Work item:
Output exactly the lines that run from the start of the records to the line with "Комбинацията между стилния", counting both ends, and skip the pictures.

■ ■ ■ ■

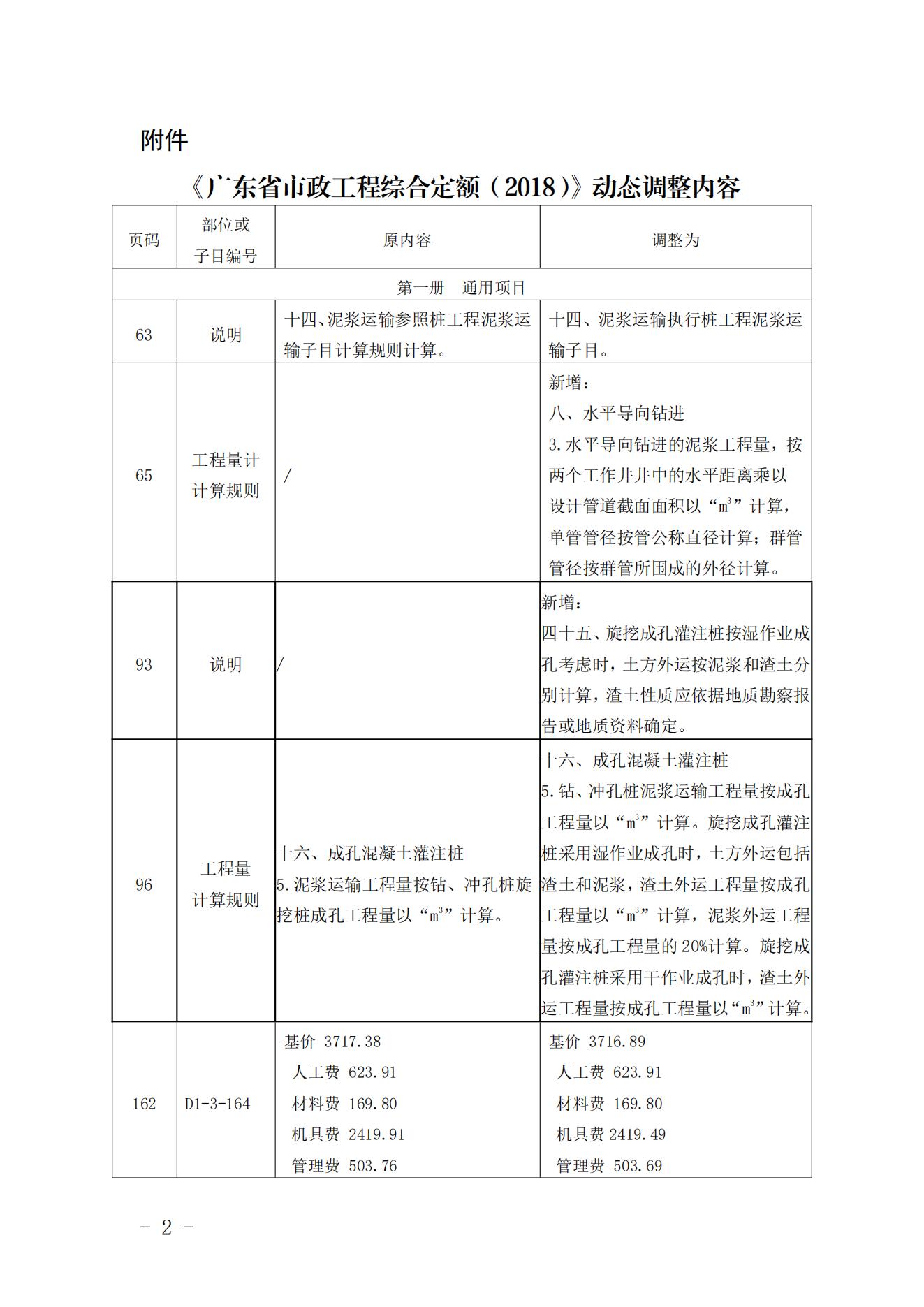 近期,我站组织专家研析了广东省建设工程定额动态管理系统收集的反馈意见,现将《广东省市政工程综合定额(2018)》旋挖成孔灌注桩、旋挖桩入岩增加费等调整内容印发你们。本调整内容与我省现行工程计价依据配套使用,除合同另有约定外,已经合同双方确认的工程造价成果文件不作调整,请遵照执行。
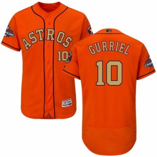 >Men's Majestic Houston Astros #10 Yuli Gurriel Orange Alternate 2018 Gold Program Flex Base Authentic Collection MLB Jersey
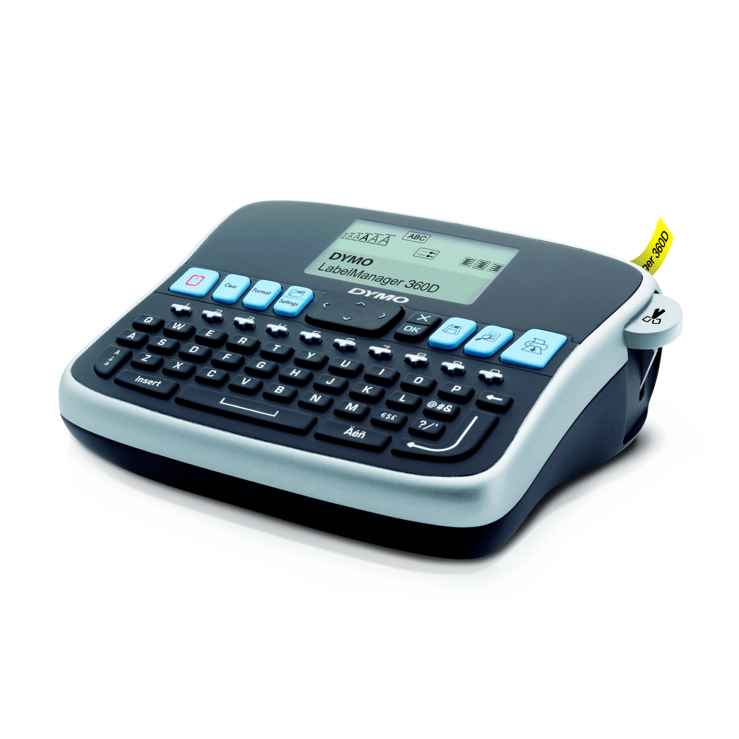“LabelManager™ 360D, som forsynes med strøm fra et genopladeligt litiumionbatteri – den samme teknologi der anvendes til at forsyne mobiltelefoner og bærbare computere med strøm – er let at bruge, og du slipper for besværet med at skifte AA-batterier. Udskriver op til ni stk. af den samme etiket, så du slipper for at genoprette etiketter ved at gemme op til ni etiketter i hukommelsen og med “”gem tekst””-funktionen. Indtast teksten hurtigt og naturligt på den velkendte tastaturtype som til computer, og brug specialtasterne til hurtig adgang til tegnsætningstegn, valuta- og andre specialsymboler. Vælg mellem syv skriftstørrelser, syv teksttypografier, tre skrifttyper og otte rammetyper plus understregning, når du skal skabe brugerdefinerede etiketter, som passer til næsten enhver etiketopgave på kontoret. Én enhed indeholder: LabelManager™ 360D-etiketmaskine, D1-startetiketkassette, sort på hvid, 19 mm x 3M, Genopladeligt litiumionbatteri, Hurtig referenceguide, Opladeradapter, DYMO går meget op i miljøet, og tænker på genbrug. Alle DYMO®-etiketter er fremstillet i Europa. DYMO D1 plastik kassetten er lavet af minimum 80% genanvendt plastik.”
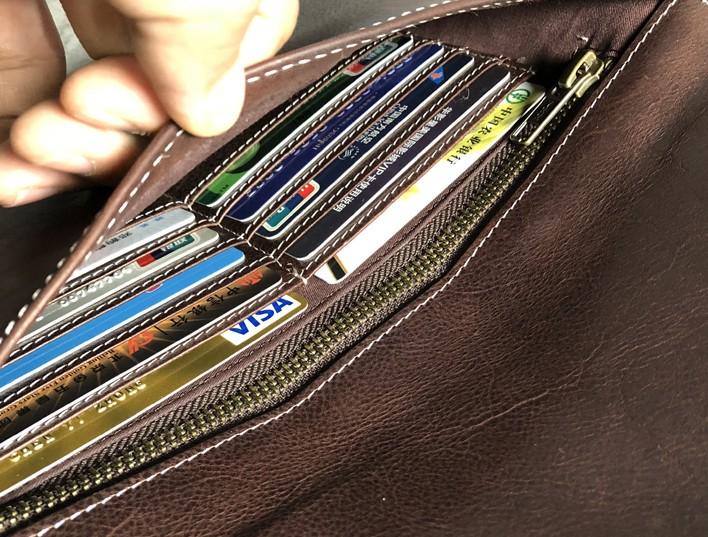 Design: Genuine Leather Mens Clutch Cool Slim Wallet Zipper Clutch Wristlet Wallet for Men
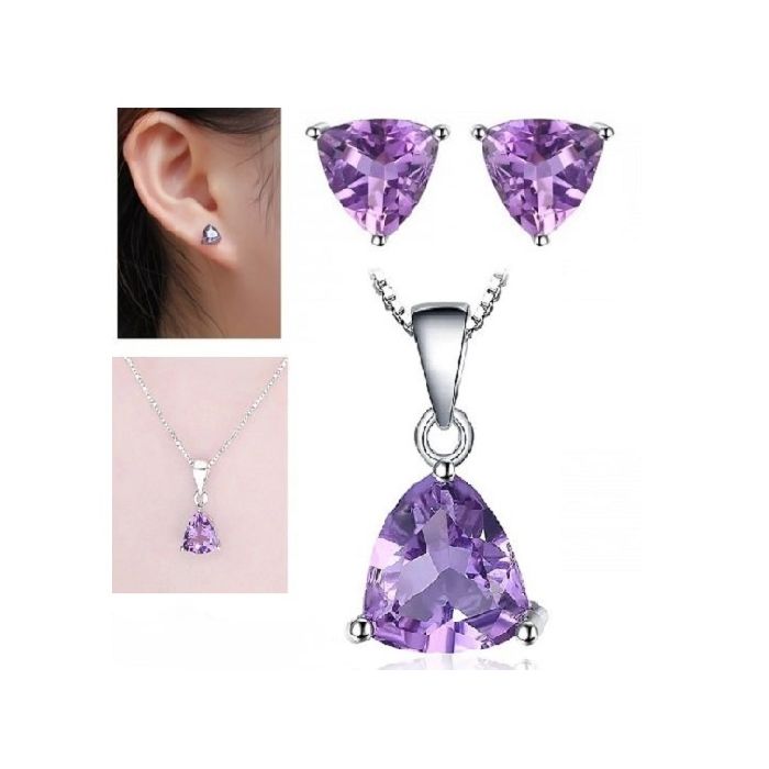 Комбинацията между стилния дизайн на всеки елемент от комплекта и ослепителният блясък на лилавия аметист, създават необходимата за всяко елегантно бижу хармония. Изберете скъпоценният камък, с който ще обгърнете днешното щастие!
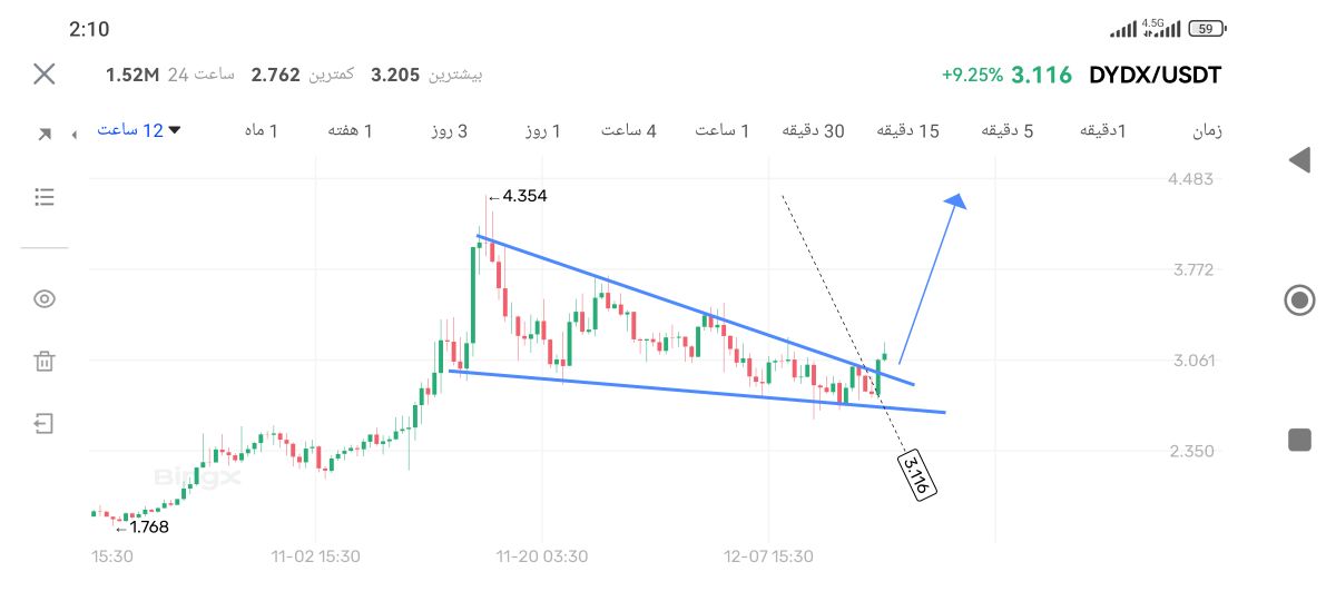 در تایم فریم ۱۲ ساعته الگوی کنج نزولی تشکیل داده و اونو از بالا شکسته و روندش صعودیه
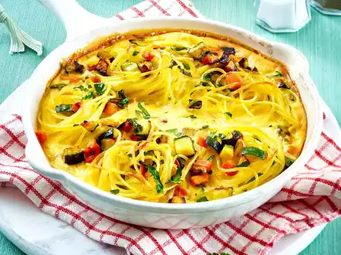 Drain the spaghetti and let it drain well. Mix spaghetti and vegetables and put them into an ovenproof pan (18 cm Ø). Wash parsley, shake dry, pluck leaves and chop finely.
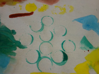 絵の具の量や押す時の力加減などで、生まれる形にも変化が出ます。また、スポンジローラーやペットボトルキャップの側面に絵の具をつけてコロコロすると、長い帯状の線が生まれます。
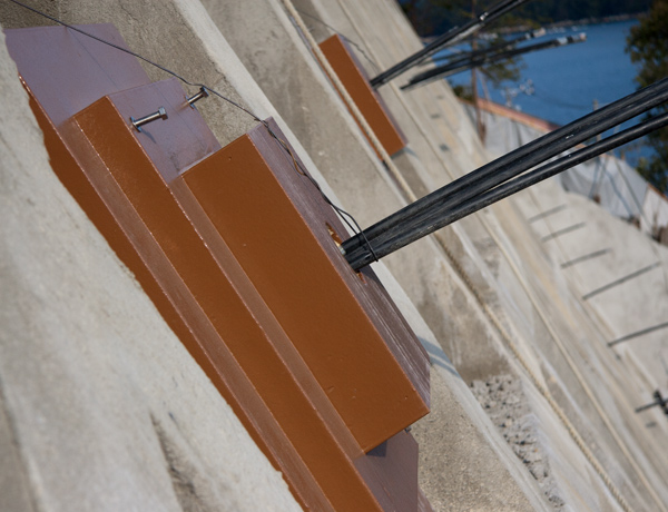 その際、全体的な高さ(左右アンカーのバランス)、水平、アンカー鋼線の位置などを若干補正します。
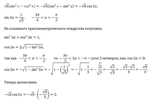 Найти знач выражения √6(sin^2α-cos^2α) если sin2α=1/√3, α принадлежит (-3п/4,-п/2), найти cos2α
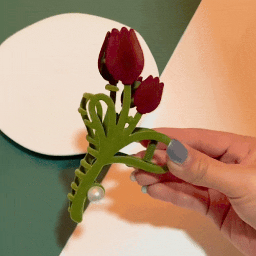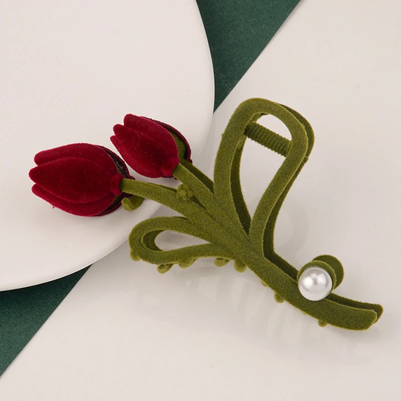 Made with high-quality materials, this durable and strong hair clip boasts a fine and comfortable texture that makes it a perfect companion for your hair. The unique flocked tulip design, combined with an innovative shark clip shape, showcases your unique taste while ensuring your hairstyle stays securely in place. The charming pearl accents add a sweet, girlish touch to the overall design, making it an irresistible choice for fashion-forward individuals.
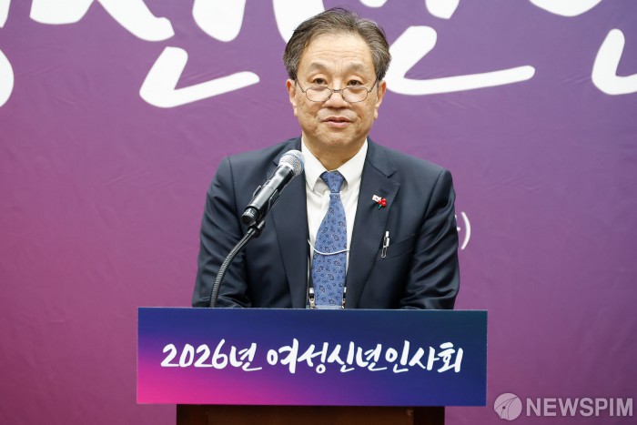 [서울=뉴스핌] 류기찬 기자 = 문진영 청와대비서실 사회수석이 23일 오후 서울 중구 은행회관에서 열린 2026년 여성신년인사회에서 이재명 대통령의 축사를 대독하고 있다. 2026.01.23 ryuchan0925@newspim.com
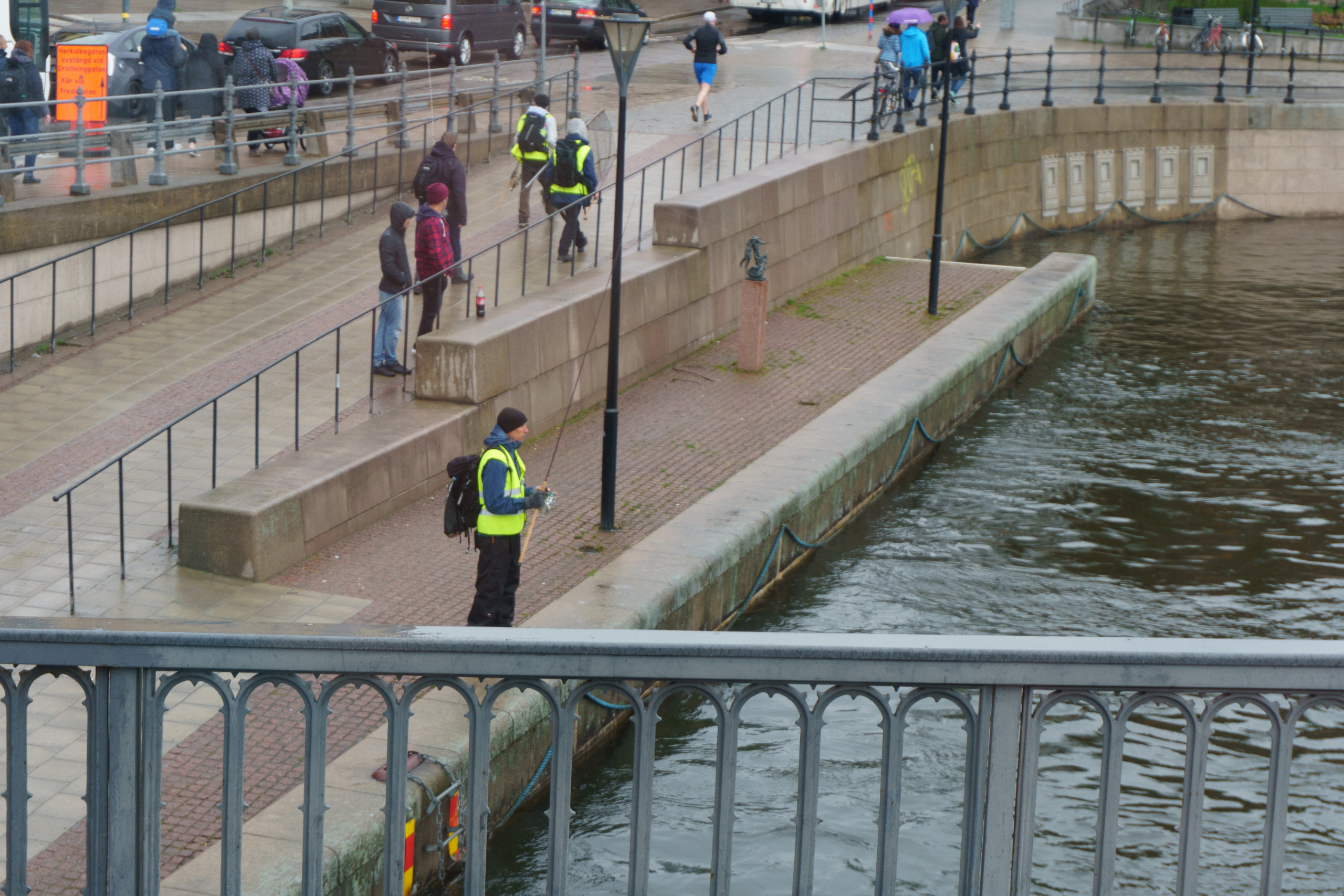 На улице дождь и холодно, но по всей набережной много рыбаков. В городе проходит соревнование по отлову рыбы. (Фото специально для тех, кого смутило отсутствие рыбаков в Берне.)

■ ■ ■ ■

Answer for the task:
 近期,我站组织专家研析了广东省建设工程定额动态管理系统收集的反馈意见,现将《广东省市政工程综合定额(2018)》旋挖成孔灌注桩、旋挖桩入岩增加费等调整内容印发你们。本调整内容与我省现行工程计价依据配套使用,除合同另有约定外,已经合同双方确认的工程造价成果文件不作调整,请遵照执行。
 >Men's Majestic Houston Astros #10 Yuli Gurriel Orange Alternate 2018 Gold Program Flex Base Authentic Collection MLB Jersey
“LabelManager™ 360D, som forsynes med strøm fra et genopladeligt litiumionbatteri – den samme teknologi der anvendes til at forsyne mobiltelefoner og bærbare computere med strøm – er let at bruge, og du slipper for besværet med at skifte AA-batterier. Udskriver op til ni stk. af den samme etiket, så du slipper for at genoprette etiketter ved at gemme op til ni etiketter i hukommelsen og med “”gem tekst””-funktionen. Indtast teksten hurtigt og naturligt på den velkendte tastaturtype som til computer, og brug specialtasterne til hurtig adgang til tegnsætningstegn, valuta- og andre specialsymboler. Vælg mellem syv skriftstørrelser, syv teksttypografier, tre skrifttyper og otte rammetyper plus understregning, når du skal skabe brugerdefinerede etiketter, som passer til næsten enhver etiketopgave på kontoret. Én enhed indeholder: LabelManager™ 360D-etiketmaskine, D1-startetiketkassette, sort på hvid, 19 mm x 3M, Genopladeligt litiumionbatteri, Hurtig referenceguide, Opladeradapter, DYMO går meget op i miljøet, og tænker på genbrug. Alle DYMO®-etiketter er fremstillet i Europa. DYMO D1 plastik kassetten er lavet af minimum 80% genanvendt plastik.”
 Design: Genuine Leather Mens Clutch Cool Slim Wallet Zipper Clutch Wristlet Wallet for Men
 Комбинацията между стилния дизайн на всеки елемент от комплекта и ослепителният блясък на лилавия аметист, създават необходимата за всяко елегантно бижу хармония. Изберете скъпоценният камък, с който ще обгърнете днешното щастие!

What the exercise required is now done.